Both wearable data gloves and camera-based systems have been extensively explored for sign language recognition. Bending sensor gloves only focus on the degree of finger bending. Consequently, several sign language words exhibiting similar curvature patterns become indistinguishable. This limitation curtails the utility of such devices. Given the significance of hand and arm gestures in sign language, it is imperative for vision-based approaches to prioritize the extraction of keypoints data from the hands, thereby reducing interference from extraneous background elements. Occlusion presents a significant challenge to vision-based methodologies. During the acquisition of hand keypoints, monocular cameras may fail to capture certain spatial information due to inter-finger occlusions. Such occlusions often act as impediments, constraining the potential for enhancement in recognition accuracy. In gesture recognition, fingers can easily block each other, objects can block hands, or parts can become nearly unrecognizable due to being overexposed or too dark. As shown in Figure 1, occlusion problems significantly hinder the effective acquisition of keypoints. Integration with bending sensors offers a solution, enabling precise measurement of finger angles, even in regions overlapped by external entities.

Figure 1. Occlusion problem in hand sign language.

2. Data Gloves System

The main research directions in sign language recognition include computer vision systems and systems based on data gloves. In recent years, the evolution of wearable hand measurement devices has been evident, predominantly driven by miniaturization processes and advancements in algorithms.
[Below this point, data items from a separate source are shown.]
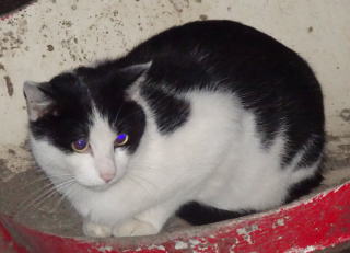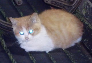 10.この五匹の子猫に同伴していた成猫の白茶の雌です。この雌猫は避妊手術を受けた印に右耳が切断されています。
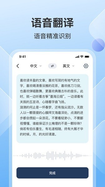 -根据用户习惯调整翻译策略,例如自然语言、中文等,增强了翻译效果和用户体验。ai翻译app是一个非常强大的输入法,可以让大家在手机上进行语音转换文字内容的软件。支持拍照、文本和图片等各种形式的实时在线交流方式哦!让你快速获取到最准确的翻译结果。欢迎下载使用。
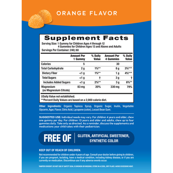 Citrato de magnésio é uma forma de magnésio conhecida por ser facilmente absorvida pelo corpo.† É comumente usado em suplementos para crianças e adultos para ajudar a manter uma ingestão saudável de magnésio como parte de uma dieta equilibrada.
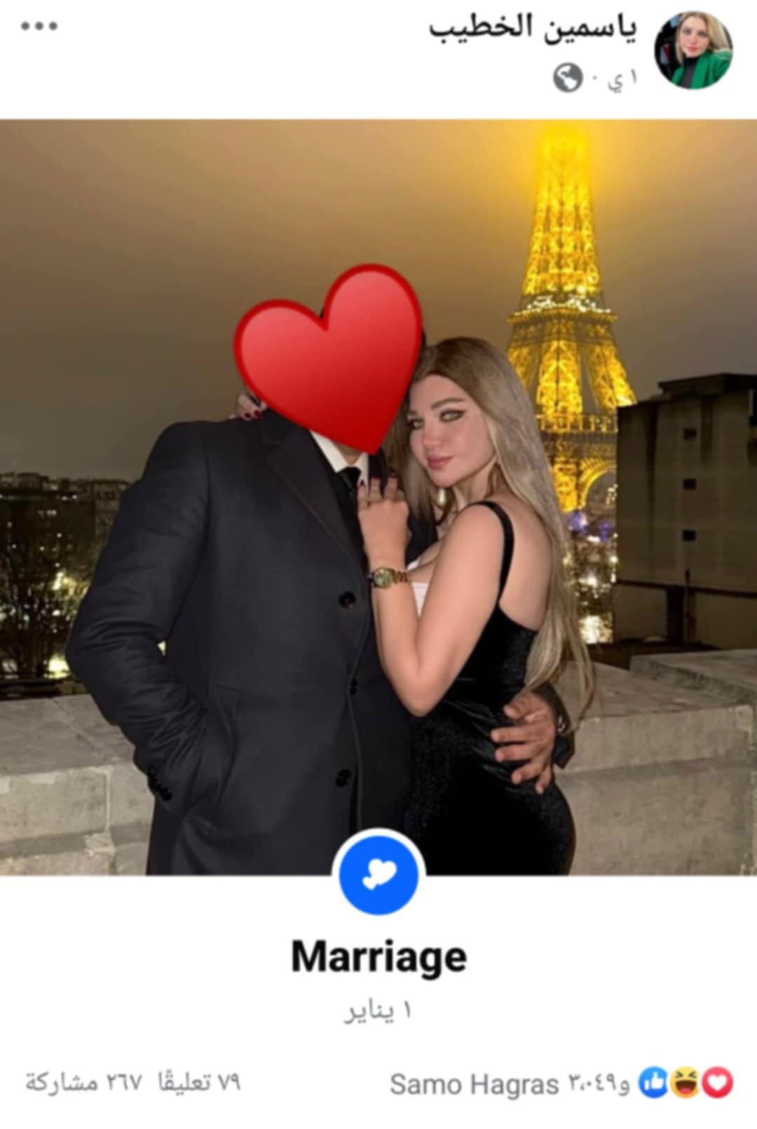 فاجئت الإعلامية ياسمين الخطيب متابعيها بزواجها للمرة الخامسة حيث نشرت عبر صفحتها الرسمية على موقع فيسبوك صورة تجمعها بزوجها الذي اختارت اخفاء هويته، وذلك من أمام برج إيفيل بفرنسا.

Notably, data gloves ^[4]^[5], including IMU ^[6] and bending sensors ^[7]^[8], have demonstrated significant advancements in wearability, accuracy, and stability metrics. Such advancements have consequently led to marked enhancements in the results of sign language recognition leveraging these measurement apparatus. The application model for sign language recognition based on data gloves is shown in Figure 2.

Figure 2. Application model.

3. Vision-Based Techniques

There are many studies on sign language recognition solutions based on computer vision ^[9]^[10]. With the evolution of deep learning algorithms, the extraction and analysis of features from visual data, including bone keypoint prediction ^[11], have substantially improved. While sign language recognition has experienced significant advancements, occlusions in images remain a notable challenge in computer vision. Himanshu and Sonia’s review discusses the effects of occlusion on the visual system ^[12]. There are ways to avoid occlusion problems by using a depth camera, multiple cameras, or labeling invisible objects. There are also methods to detect occlusion, such as using shadows of objects and learning information before and after occlusion using time series data. Although motion capture using a special device such as Kinect ^[13] and Leap Motion Controller (LMC) ^[14] exist, sign language recognition using a monocular camera is superior in that it can use a common camera.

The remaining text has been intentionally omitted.